Tras las gafas oscuras de Sonia, su amante, no se iluminaba llanto como el difunto esperó ver. Para ella era sólo una despedida a la adrenalina de lo prohibido, a los encuentros imprevistos y a los viajes y detalles glamorosos que recibía de su relación fútil. Sangela siempre sospechó que la frialdad de su esposo se debía a la infidelidad. Inicialmente, se entristeció y buscó la forma de arreglar su matrimonio, hasta que le ganó la impaciencia y optó por aceptar las insinuaciones de su primo segundo, con quien forjó una relación estable y madura que los llevó al matrimonio.

Sentado en el amplio sofá de la sala, el perro examinaba la soledad de su vida humana. Nadie lloraba su muerte, ni se notaba triste. Ninguno de los presentes lo había estimado de verdad, y él tampoco sentía por ellos lo que imaginaba era el cariño real. «¡Qué farsa! Todo fue una farsa.»

Tres asaltantes acabaron con su vida. Le dispararon sin respiros para robarle la billetera. Su cuerpo había sido encontrado en el callejón donde amaneció transformado y donde estuvo deambulando por horas, hasta que los olores lo convencieron de la realidad.

Pensaba en los ratos efímeros en que creyó ser feliz. Cuando realizó ese viaje al exterior, cuando se enamoró y se casó, cuando su padre le dejó a cargo el próspero negocio familiar, sus encuentros furtivos con Sonia, el día en que recibió el premio por su gran labor de empresario, y hasta la tarde lejana en que probó ese delicioso vino francés que ahora necesitaba para liberarse del estrés y el abatimiento.

No podía ladrar, ni morder al nuevo cónyuge, sabía que saldría perdiendo. Mejor aprovechaba que a veces podía dormir con su esposa, aunque no a su lado, sino en el borde de sus piernas y sintiendo la respiración asmática del intruso, pero, por lo menos, estaba a sus pies. Descubrió entonces que su nueva condición no era un obstáculo para disfrutar a la familia. Borraría para siempre su nombre e intentaría entender que sólo cuando pronunciaran Sócrates, podría integrarse a la vida, salir del encierro a través de sus ojos y buscar la manera de llegar a las sombras olorosas que demostraban presencias.

No se separaba de Sangela y ésta tampoco se hastiaba por tenerlo a su lado. Lo sacaba a pasear en el carro, le daba agua fresca de su mano, le acariciaba la barriga y, ante la más minúscula insinuación de llanto, se desvivía para complacerlo. Lo único que le molestaba era el vestidito de lana azul con que lo disfrazaban en las ocasiones especiales: le producía calor y era incomodo para su ego masculino, que aún sobrevivía.

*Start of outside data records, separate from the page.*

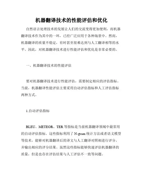 二、机器翻译模型的优化方法为进一步提高机器翻译模型的准确性和效率,研究者们还探索出了多种机器翻译模型的优化方法,包括:1. 集成学习集成学习即将多个不同的机器翻译模型进行融合,以提高最终翻译结果的准确性。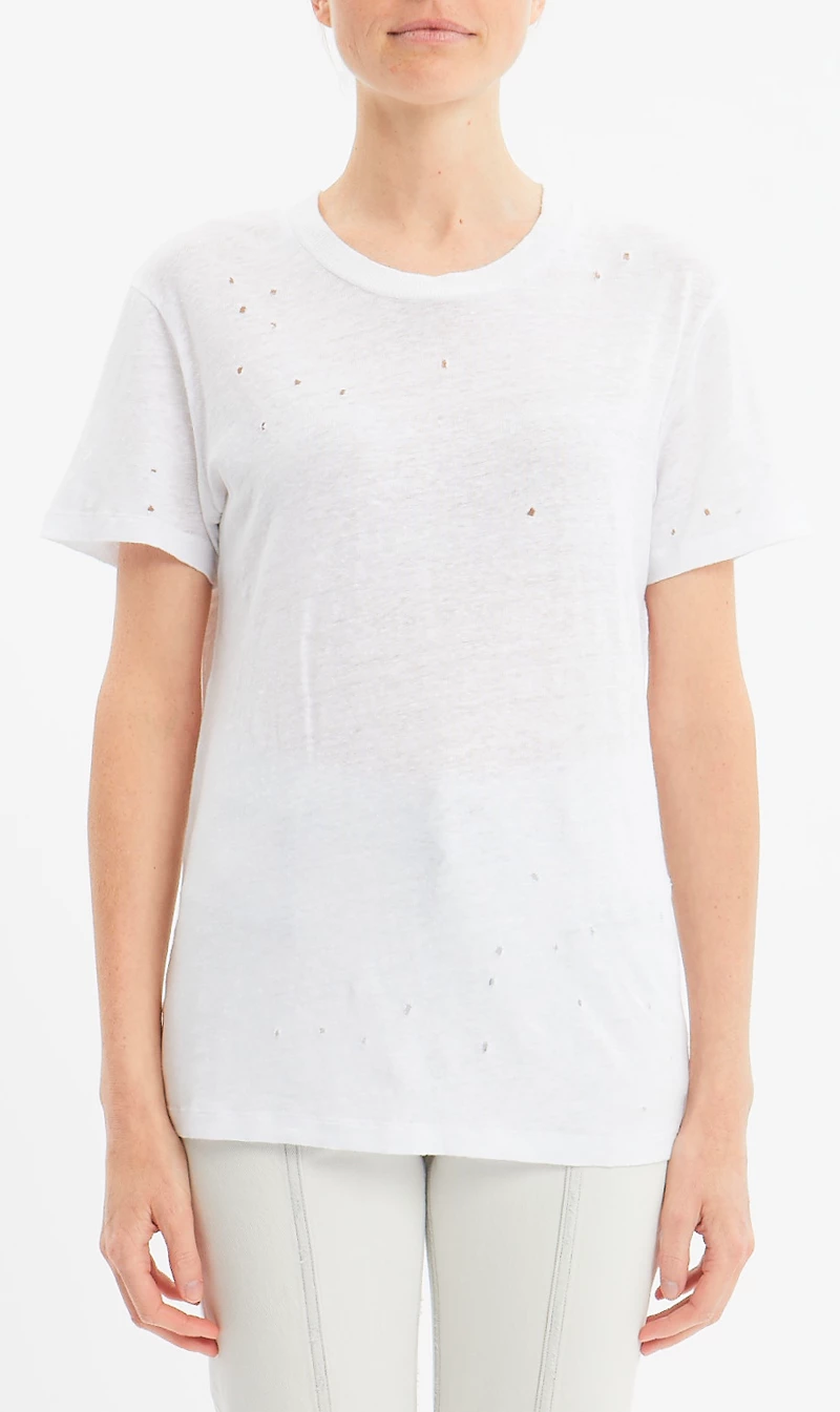 The IRO Leena Tee Shirt in White. An updated basic tee style. Crafted from 100% linen for a lightweight handle and features perforated detailing and a raw-cut hem for a subtly distressed aesthetic.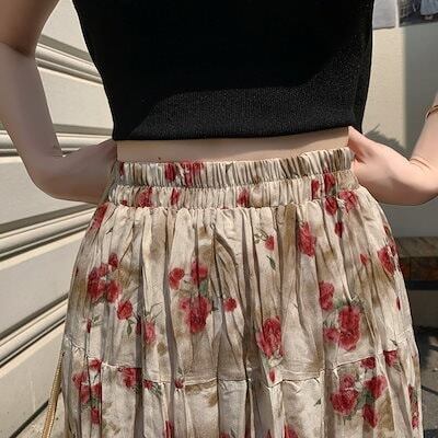 スカート ロングスカート フレアスカート ロング丈 レディース ボトムス 花柄フレアスカート ミモレ丈 フレア Aライン ハイウエスト ウエストゴム 透け感 きれいめ 大人 上品 おしゃれ 大人可愛い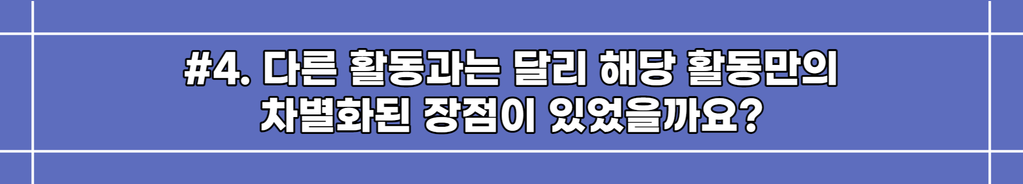 이렇게 크게 네 가지 분야에 대해 들어보았는데요. 구독자분들이 각자의 성향과 앞으로의 계획에 맞추어 알맞은 활동들을 진행하시길 진심으로 기원합니다! 감사합니다.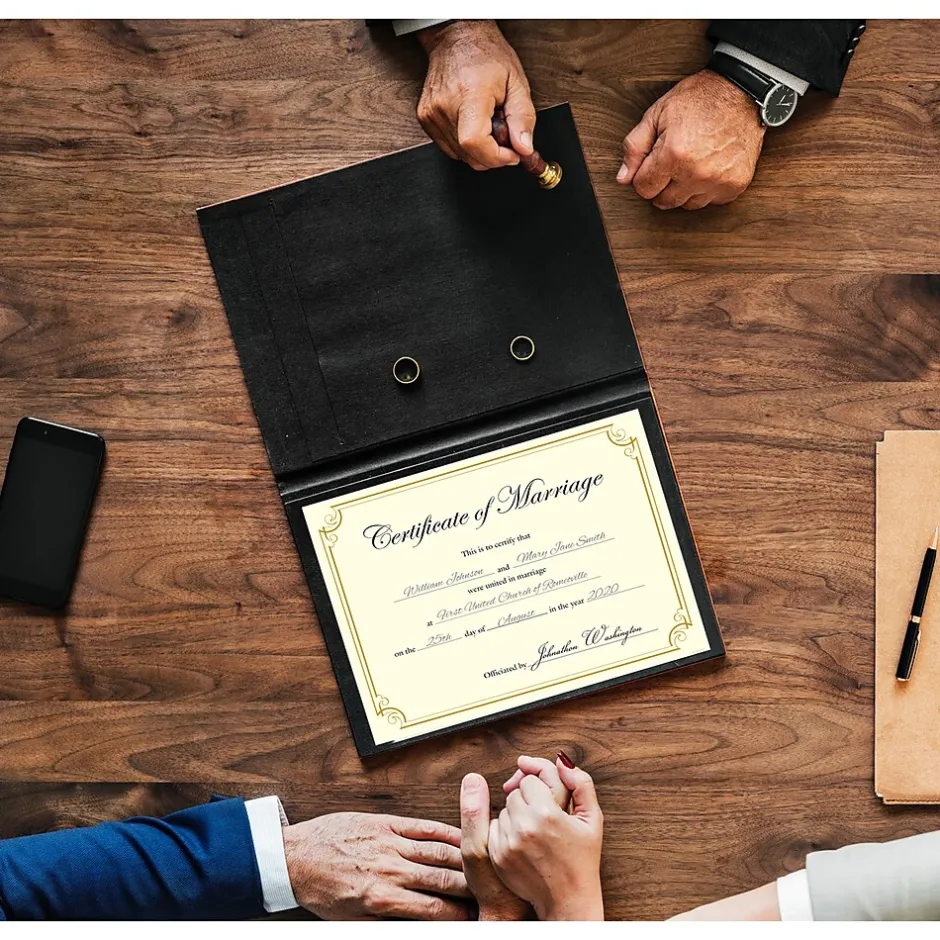 | Certificate & Holder Orientation The PRIMARY material that the item is made of. | Paper |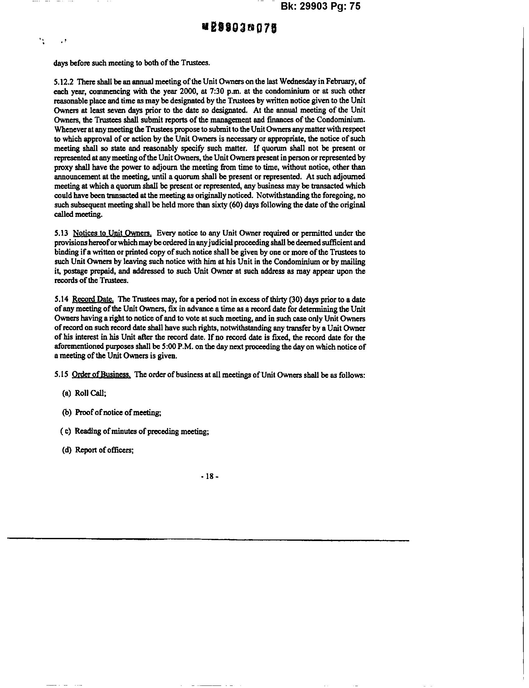 S.12.2 There shall be an annual meetingofthe Unit Owners onthe last Wednesdayin February, of each year, commencing with the year 2000, at 7:30 p.m. at the condominium or at such other reasonableplace and time as mayhedesignated bythe Trustees bywritten notice given to the Unit Owners at least seven days prior to the date so designated. At the annual meeling ofthe Unit Owners, the Trustees shall submit reports ofthe management and finances ofthe Condominium. WheneveratanymeetingtheTrusteesproposetosubmitto theUnitOwnersanymatterwithrespect to which approval ofor action bythe Unit Owners is necessaryor appropriate, the notice ofsuch meeting shall so state and reasonably specify such matter. If quorum shall not he present or representedatanymeetingoftheUnit Owners,theUnitOwners present inperson orrepresentedby proxy shall have the power to adjourn the meeting from time to time, without notice, otherthan announcement atthe meeting, until a quorum shall he present orrepresented. At such aqjoumed meeling atwhich aquorum shall he present orrepresented, anybusiness may be transacted which couldhavebeentransacted althe meeting as originallynoticed. Notwithstandingtheforegoing, no such subsequent meeting shall he held more than sixty (60) days following the date ofthe original called meeting.

Además del apego mutuo y los grandes momentos, su ama también compartía con él intimidades. Ella no imaginaba que su antiguo esposo se iba a enterar de la tristeza interior que mantenía, la insatisfacción en el amor y hasta la necesidad de volverlo a ver y recuperar lo que alguna vez fue perfecto. Fabián intentaba acercarse, quería darle un abrazo, decirle que lo perdonara o trasmitirle, con alguna expresión tierna, que no se sintiera sola. Llegaba a ser tal el desahogo que no sabía qué hacer, movía su cola hasta que la conmovía y la hacía sonreír. También descubrió la profundidad de su relación con Roberto. Ella se extendía en monólogos para hablarle de las discusiones que tenían con frecuencia, los defectos intolerables y los reproches o secretos que él desconocía y que no podrían ser divulgados nunca por ese perro sin alma, que, como un objeto más de la casa, desconoce la realidad de sus habitantes.

Con Pablo, todo fue más fácil. A pesar de ser un niño retraído, que se refugiaba en la televisión y los dulces para remediar su soledad, Fabián logró conquistarlo con rapidez. Entraba a su habitación en silencio, se subía a la cama y le daba un par de lengüetazos para demostrarle afecto de alguna forma.

Al principio, su hijo se asombró de ver a Sócrates en esa actitud tan efusiva, antes sólo se dejaba corretear o jugaban con los muñecos sin otras innovaciones. Podía admitir que así era mejor. Ahora iban al parque en plena libertad, sin que su Poodle cometiera las imprudencias de una mascota no adiestrada. Tenía conciencia de los peligros, sabía cuándo cruzar la calle sin necesidad de estar atado a un collar y no tenía problemas con otros canes, porque éstos tampoco se metían con él. «Seguramente es mi mirada. Ellos saben que soy algo humano», suponía.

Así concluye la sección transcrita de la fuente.